**What you should do**
Starting at the top of the listing, extract every line up to and including the one with "Ralph Lauren button-down". Pictures stay out of the copy.

**Collected material**
+-------+

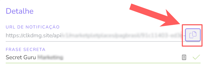 3 - Na aba Detalhe, copie e armazene a URL de Notificação criada após a ativação da integração.
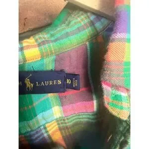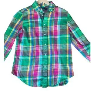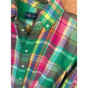 Ralph Lauren button-down shirt in a vibrant multi-color plaid pattern. Crafted from a soft, lightweight fabric, this long-sleeve top features a classic button-down collar and a curved hemline. A pink embroidered pony logo accents the chest, adding a signature touch to the bold green, pink, purple, and yellow check design. Perfect for layering or wearing on its own for a preppy, colorful look.
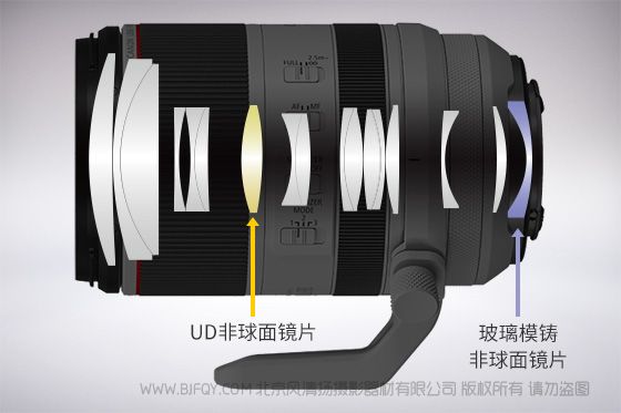 佳能开发的UD镜片是具有低折射、低色散特点的光学镜片。通过采用超级UD镜片及UD镜片,提高了二次光谱的消除效果,两片UD镜片可实现与一片萤石镜片接近的效果,具有良好的色像差补偿性能。而一片超级UD镜片可提供相当于约两片UD镜片的效果,进一步为镜头的高性能化和小型化做出贡献。

+-------+

**Result of the exercise**
 3 - Na aba Detalhe, copie e armazene a URL de Notificação criada após a ativação da integração.
 Ralph Lauren button-down shirt in a vibrant multi-color plaid pattern. Crafted from a soft, lightweight fabric, this long-sleeve top features a classic button-down collar and a curved hemline. A pink embroidered pony logo accents the chest, adding a signature touch to the bold green, pink, purple, and yellow check design. Perfect for layering or wearing on its own for a preppy, colorful look.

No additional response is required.